# FITNESS and NUTRITION FORUM > DIET AND NUTRITION >  Are all whey proteins created equal? $35 for musclemilk at costco!

## EddiePT

so ive been using ON's 100% whey protein. i would buy 10 lbs for about $80,
but after going to costco, ive found 6 lbs of muscle milk for about $35, "WHEY" cheaper than ON's. 

I'm obviously for saving money.

what im asking is, are all whey proteins equal?

----------


## gbrice75

> so ive been using ON's 100% whey protein. i would buy 10 lbs for about $80,
> but after going to costco, ive found 6 lbs of muscle milk for about $35, "WHEY" cheaper than ON's. 
> 
> I'm obviously for saving money.
> 
> what im asking is, are all whey proteins equal?


Nope. You have Whey Protein Isolate, Whey Protein Concentrate, etc. 

Isolate is the best. ON actually has both.

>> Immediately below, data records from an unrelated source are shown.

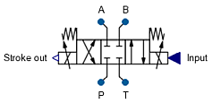 For Input ≥ Input threshold to open the valve the valve switches in positive direction up to right position, for Input ≤ - Input threshold to open the valve the valve switches in negative direction up to left position. For - Input threshold to open the valve < Input < Input threshold to open the valve it switches into resting position (middle position).
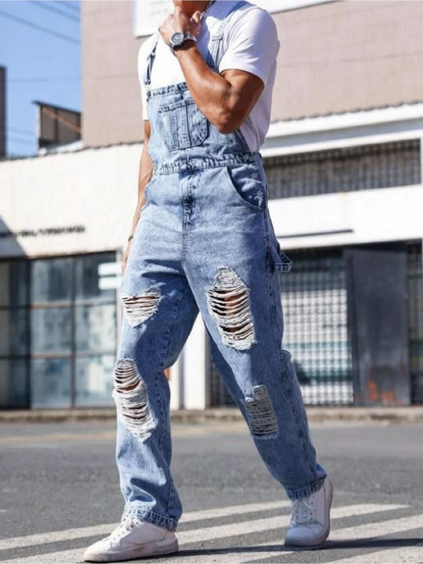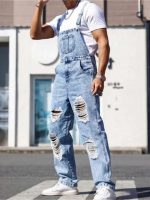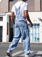 1pc Men’S Street Trendy Retro Workwear Style Overalls | Retro Minimalist Distressed Slim Fit Small Leg Denim Pants with Adjustable Shoulder Strap Design, Suitable for All Seasons, Easy to Match – Blue
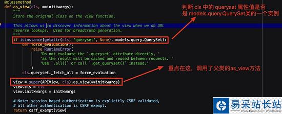 APIView 類的父類是 View 類,查看該類的 as_view 方法,源碼如下:

I'm not sure about Musclemilk, but I know most people in the BBing community frown on it. 

Aside from the protein, you have to look at what else is in there. How much fat is in the musclemilk? I'm willing to bet it's quite a bit. How about carbs? 

You have to look at all of these things.

----------


## calstate23

> so ive been using ON's 100% whey protein. i would buy 10 lbs for about $80,
> but after going to costco, ive found 6 lbs of muscle milk for about $35, "WHEY" cheaper than ON's. 
> 
> I'm obviously for saving money.
> 
> what im asking is, are all whey proteins equal?

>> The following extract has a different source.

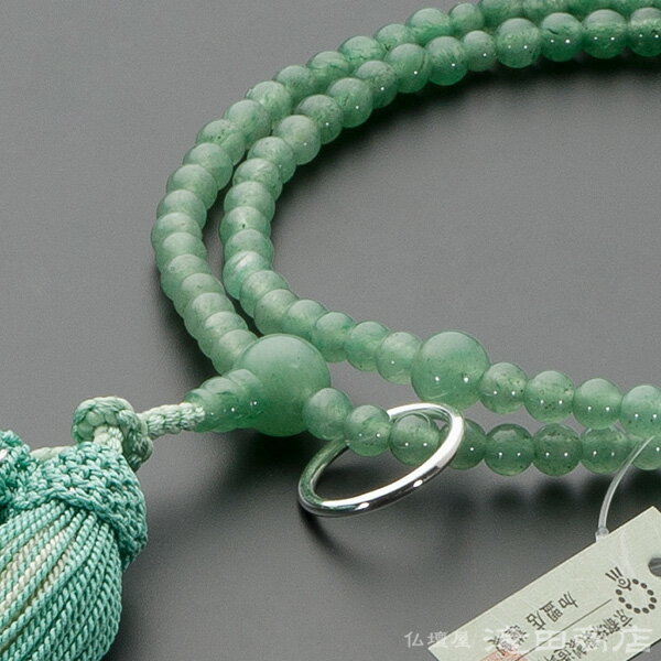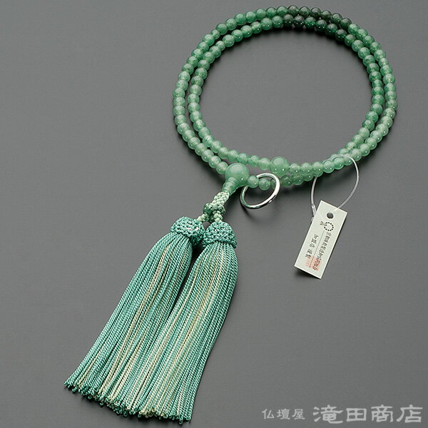 珠の数:主珠108個珠の素材:インド翡翠房の素材:正絹頭付房(青磁色/千草色)サイズ:8寸サイズ宗派:曹洞宗の本式数珠備考:数珠袋付き 数珠は桐箱入り曹洞宗用の正式な女性用の念珠です。インド翡翠の5mm玉を使用しました。正絹の頭付房がついています。大切なお数珠を携帯するのに便利な数珠袋をお付けいたします。数珠は桐箱に入れてお届けします。ご進物・プレゼント用のギフト包装を無料で承ります。お客様に代わり当店スタッフが心を込めて包装させていただきます。「志」、「御祝」、「記念品」などの、のし紙も無料でお付けすることができます。ご希望の方は備考欄にご記入ください。ギフト対応商品説明珠の数主珠108個珠の素材インド翡翠房の素材正絹頭付房(青磁色/千草色)サイズ8寸サイズ宗派曹洞宗の本式数珠備考数珠袋付き数珠は桐箱入り美しいグリーン色のインド翡翠を色の濃淡でグラデーション状に繋いだ女性用の曹洞宗用本式数珠です。あざやかで美しい色合いがお洒落な印象を演出してくれます。色の濃淡でグラデーションにするためには石の選定が非常に難しく、まさに芸術的です。頭付房には高級素材の正絹を使用しており、房色を2色使うことで珠の美しさをより引き立てております。京念珠製造師が匠の技で仕立てた逸品でございます。【珠の素材】インド翡翠 主珠108個主珠…インド翡翠(5mm)親珠…インド翡翠(10mm)天珠…インド翡翠(4mm)【石の力】◆インド翡翠◆インド翡翠はアベンチュリンとも呼ばれ、古くから洞察力を高める石として崇められてきました。精神を安定させ、情緒を豊かにする力があるとされています。【房の素材】房のデザイン:正絹頭付房房色:青磁色/千草色(2色房)◆正絹頭付房 京都製◆京都の伝統工芸である「京房ひも」の職人が製作した正絹頭付房を使用しております。京房ひも職人が作った証しであるシリアルナンバーをお付け致します。※こちらは見本のシリアルナンバーです。シリアルナンバーは商品ごとに違います。
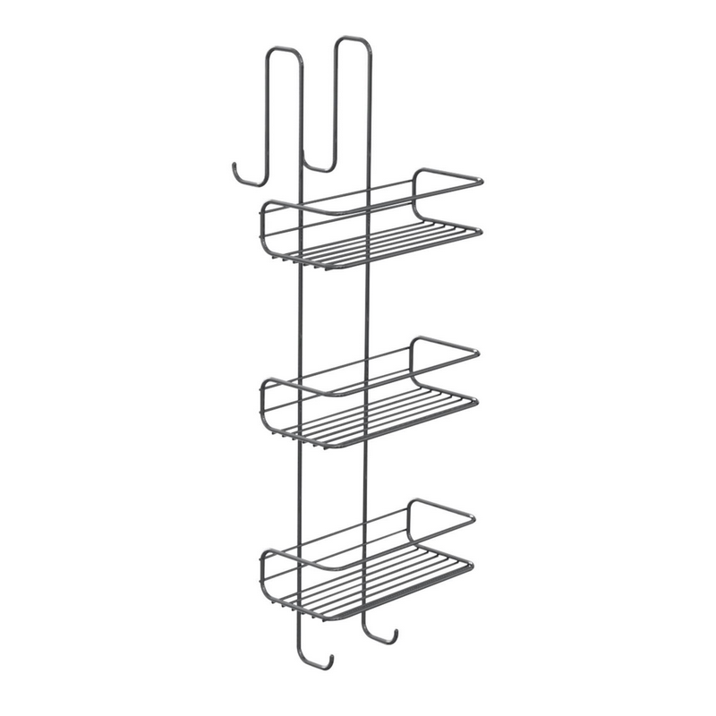 Portasapone a due ripiani in acciaio cromato, per arredo box doccia o vasca.

Sorry, the answer to that question is DEFINITELY NOT! Whey Protein is not all equal, in fact some protein shakes are very terrible. What makes them worse?

A lot of them have high sugar, high carbs, high fat, and low protein. For instance, have you ever seen the protein powders at grocery stores like Vons and Ralphs?

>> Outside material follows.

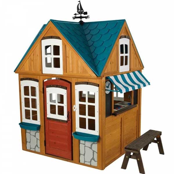Drewniany domek KidKraft Seaside Cottage z kuchnią to dla wielu dzieci spełnienie marzeń o posiadaniu własnego wyjątkowego miejsca w ogrodzie. Domek Seaside Cottage to idealne miejsce do zabawy na świeżym powietrzu. Domek został wyposażony w wiele kreatywnych dodatków, które z pewnością urozmaicą zabawę. Znajdziemy tu między innymi kuchnię, tablicę kredową, zegar czy elektroniczny dzwonek do drzwi. Solidny i niezwykle trwały domek został wykonany z wysokiej jakości drewna, dach to doskonała imitacja gontu w kolorze morskiego błękitu a białe ramy okien ozdabiają prawdziwe donice. Niektóre elementy domku to częściowo zmontowane już panele, które tworzą stabilną konstrukcję na wiele lat.Cechy produktu:- Domek jest wygodny do zabawy dla kilkorga dzieci- Duże okna umożliwiają zaglądanie do środka- W środku znajduje się zestaw kuchenny z akcesoriami do gotowania- Otwierane drzwi- Skrzynka pocztowa z flagą- Zegar- Działający prawdziwy dzwonek do drzwi- Donice okienne- Wiatrowskaz na dachu- Wzmocnione drewniane panele zapobiegają wypaczaniu, drewno jest wodoodporne, odporne na trudne warunki atmosferyczne.- Waga produktu: 51 kg- W zestawie znajduje się ilustrowana instrukcja krok po kroku- Produkt wymaga częściowego montażuWierzymy, ze każde dziecko potrzebuje inspiracji do odkrywania i wyrażania siebie,tak brzmi maksyma działającej już od 1968 roku firmy skupiajacej się na projektowaniu zabawek edukacyjnych. Kidkraft jest liderem w produkcji drewnianych zabawek oraz akcesoriów do pokoju dziecięcego.W ofercie znajdują się drewniane domki dla lalek, kuchnie, garaże z samochodami dla chłopców, tablice dwustronne oraz wiele innych kreatywnych zabawek przy których dziecko spędzi mnóstwo radosnych chwil.151 x 131 x 200 cm

They are Horrible. And probably the only reason you never see those types in an actual nutrition store because no one would buy them who knows what to look for. 

Muscle milk is pretty horrible, not the worst but its pretty bad. Muscle is pretty high in fat, on the high side for carbs (For a protein shake), and is on the lower end for amount of protein. 

The protein shake I use has 35 grams protein, 1 gram fat, and 2 gram carbs for 1 scoop (40 grams)

For me to have a 50 gram protein shake I would only take in 1.5 grams fat, 3 grams carb, and only 1 gram sugar. 

For you to get 50 grams protein you would take in about 13 grams fat, 24 grams carbs, and 5 grams sugar. The biggest factor here is the amount of fat, especially for a protein shake.

----------


## green22

theres a big differance in 100% ON Whey and Muscle Milk. read the nutritional label on the back.

----------


## Times Roman

the sh1t from costco (skip the muscle milk, you want carbs, don't buy it premixed with your protein) is a mix of three proteins....

whey, milk, and aw sh1t, is it soy?

anyways, it's really an ideal mixture of the three, since each is metabolized within different time periods, milk being the slowest.

Just go with costco

----------


## maxwkw

If you'ew in the states, I like trueprotein they're cheap and their products are really good.

----------


## Ajaxx

Why don't you try and buy online? I will never buy at a retail store again. So much cheaper dude.

----------


## Swifto

You get what you pay for in most instances.

The majority of Whey on the market is garbage. Causes stomach upset's and so on. Go with a bigger name brand and spend the extra money.

For you guys in the USA, I'd go with True Protein's WPI and for those in the UK, Reflex Nutrition.

----------


## celticgreen1973

Muscle milk tastes so good because there is so much sugar in it.

----------


## MBMETC

> muscle milk tastes so good because there is so much sugar in it.


ding ding ding 
monster milk, muscle milk all have alot of sugar.

----------


## mg0922

You guys may be talking about somthing youve heard or maybe just one specific type, but before you make statements about things, you shoudl elaborate a little more . Not like a use/take muscle milk, just trying to provide a point.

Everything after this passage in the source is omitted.